During the 1960s, Lee's health began to falter and developed a nasty case of writer's block, which forced Dannay to assemble an all-star cast of ghostwriters to continue their work in the sixties and seventies – an assembly that included Avram Davidson, Flora Fletcher, Edward D. Hoch and Theodore Sturgeon. This came on top of the name Ellery Queen branching out in all directions. There was a popular radio-series, a TV show, movies, comic books, a magazine, board games and literal jigsaw puzzles (e.g. The Case of His Headless Highness, 1973). Only thing they missed out on was having their own burger joint in New York. Who wouldn't want to order a Velie Burger with a side of Porter Fries and a Djuna Shake at A Challenge to the Eater?

An EQ venture not as well remembered today is their excursion into the juvenile corner of the genre with the Ellery Queen Junior Mysteries, which produced eleven novels in two (short) series between 1942 and 1966. There also appears to be an unpublished, long-lost twelfth novel, The Mystery of the Golden Butterfly.

Nine of the novels star a recurring side-character from the main series, Djuna, who's the small, gypsy orphan adopted by Inspector Richard Queen when Ellery was attending college. The book-titles of this series follow The [Country] [Noun] Mystery pattern of Queen's early international series, but with colors and animals (e.g. The Black Dog Mystery, 1942). The other two novels are helmed by a specially created character, Gulliver Queen. So I wanted to take a closer look a novel from each of these series.

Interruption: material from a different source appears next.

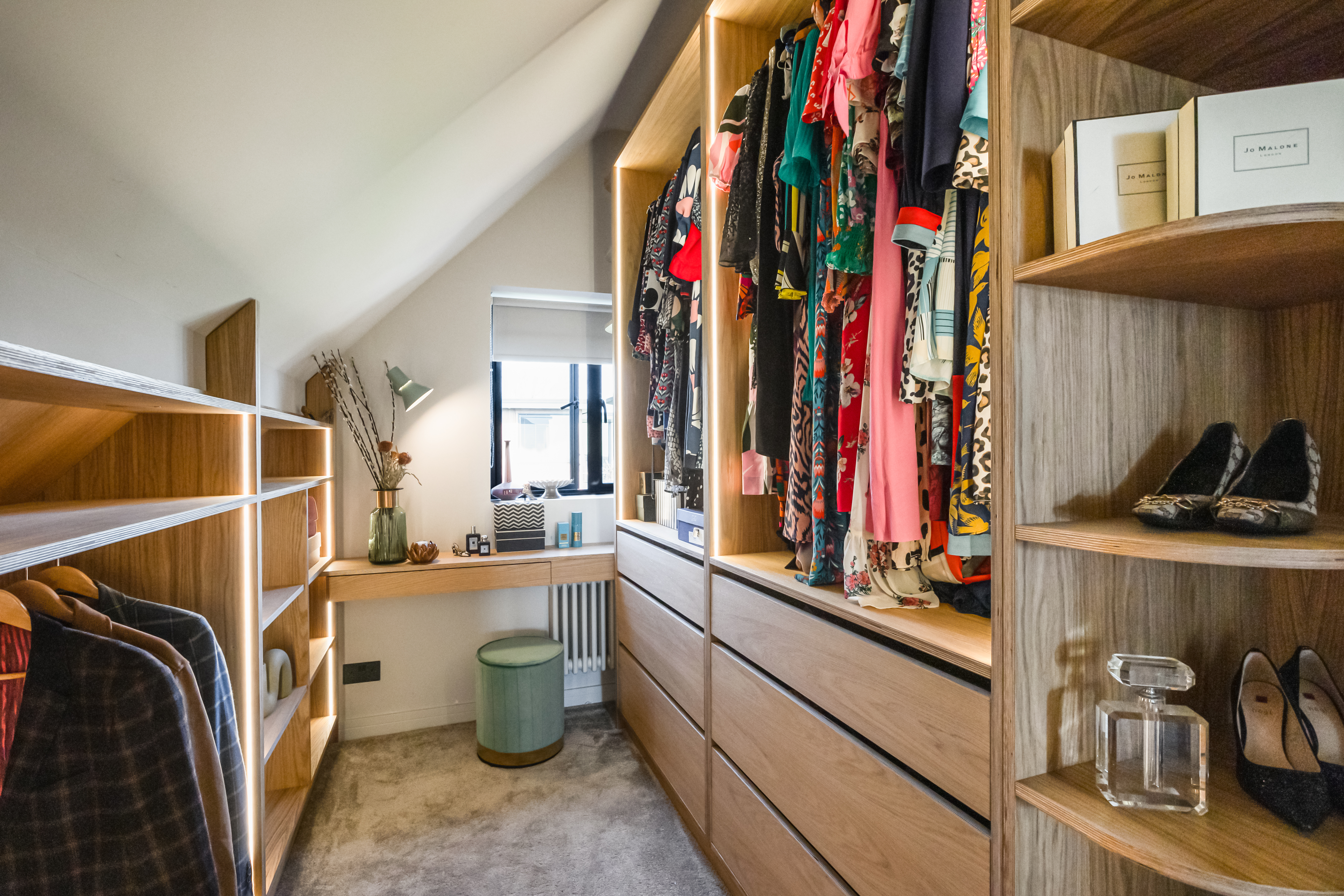 A big part of our brief for this project was bespoke joinery design. Our concept explored the idea of breaking up the expansive open-plan living area by creating a dual aspect joinery wall, encompassing a bio ethanol fireplace on one side, and the TV on the other in order to separate the snug area from the living room. Not only this, but our clients had an impressive collection of fabulous dresses and shoes, as well as records, decks and other music equipment… all of which needed a home. Our Senior Interior Architectural Designer meticulously designed bespoke storage solutions for every room in the house, liaising with the client at every stage about what she needed to store, and where.

The Mystery of the Merry Magician (1961) is the first of only two titles in the Gulliver Queen series, but ghostwriters and unauthorized sub-ghostwriters have made determining authorship somewhat of a puzzle – which is discussed by Kurt Sercu on his Ellery Queen website (click on the covers to read more). James Holding was contracted to write the 1960s Ellery Queen Junior novels, but he farmed out the work to sub-ghosts and The Mystery of the Merry Magician was written by the author of the Dig Allen series, Joseph Greene. I understand Lee was not amused.

Gulliver "Gully" Queen is the sixteen-year-old nephew of Ellery and the grandson of Inspector Richard Queen. His father is Ellery's hitherto unknown and nameless brother, an engineer, who's in Europe working on "a long-term United Nations project," which is why Gully is staying an entire year with his uncle and grandfather in New York. The presence of the regular characters from the main series makes the book feel like a crossover and really is what makes it standout as a juvenile mystery. Ellery Queen briefly appears in the opening and closing chapters. Gully is even seen reading one of his uncle's detective novels (The Finishing Stroke, 1958). Nikki Porter is mentioned in passing, but, more importantly, Inspector Queen and my personal favorite side-character from any series, Sergeant Thomas Velie, have supporting roles to play in the story!

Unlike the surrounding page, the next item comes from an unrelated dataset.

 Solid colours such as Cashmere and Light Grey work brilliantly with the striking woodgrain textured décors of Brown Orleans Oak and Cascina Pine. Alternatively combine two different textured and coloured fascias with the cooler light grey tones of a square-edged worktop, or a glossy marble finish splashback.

I've always been of the opinion it was a gross oversight to never let Inspector Queen and Sergeant Velie solve a case without Ellery helping them out. So it was nice to see them here working together in giving support to Gully.

The Mystery of the Merry Magician begins with Ellery having to break his promise to take Gully on a camping trip to the mountains, because the Treasury Department has asked him to go the New Orleans waterfront to investigate some baffling reports – a "strange creature" has been haunting the docks down there. Ellery notices Gully is trying to mask his disappointment and gives him a leather notebook, which he's to use to write down the names, addresses and the story of anyone who might come to see him. And there's only one rule, Gully is not allowed to "go off trying to solve mysteries." He just has to write down the facts in the notebook.

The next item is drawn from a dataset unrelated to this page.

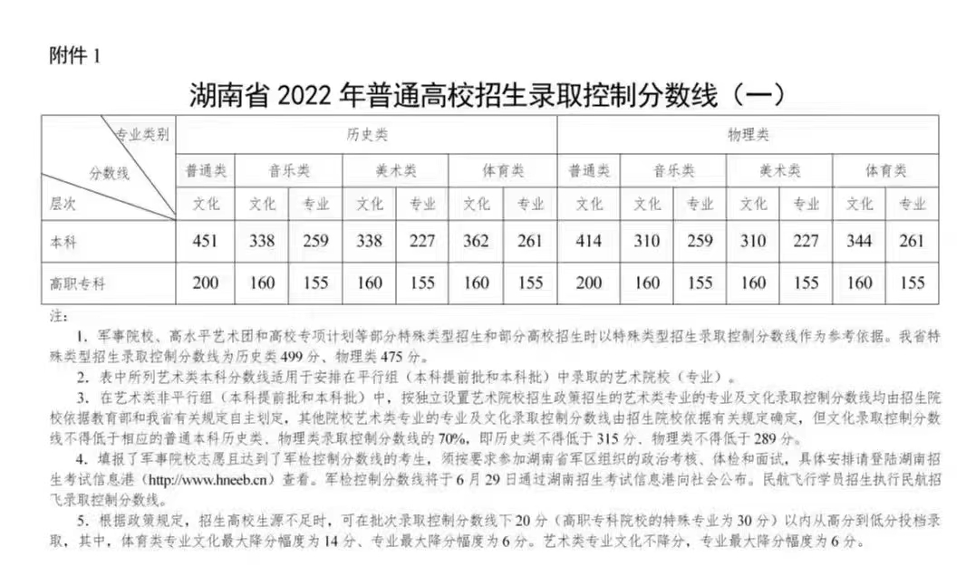 本科批历史类451分,本科批物理类414 分!2022年湖南省高考录取分数线公布

So, as to be expected, the moment Ellery has gone someone comes knocking at the door of the Queen residence. A boy of Gully's age, named "Fisty" Jones, who has a most astonishing story to tell and Captain Foster, "an old buddy of Inspector Queen," told him to go tell it to the inspector's son, Ellery. Gully has to keep a record for his uncle and asks Fisty to tell him the story.

Fisty was visiting Captain Foster and his granddaughter, Peggy, who live on a barge tied up at Pier A of the New York waterfront. On his way back home, Fisty passed a block of mostly abandoned, boarded-up old houses and peeked into the window of an empty story. Fisty described, what he saw, as "a monster from space." A creature with black, smooth skin, big, floppy feet and "one big, round eye," right in "the middle of his face." So they go to have a second look at the empty shop, but discover that the window has been painted black and are told by a tattooed man to mind their own business or else they might get hurt. The tattooed man has designs on the building next door, which is leased to "an old-time magician," Magnus Merlin, who now makes a living by making magic tricks and always accompanied by his happy little dog, Banjo – who proves to be a huge help to the boys throughout the story.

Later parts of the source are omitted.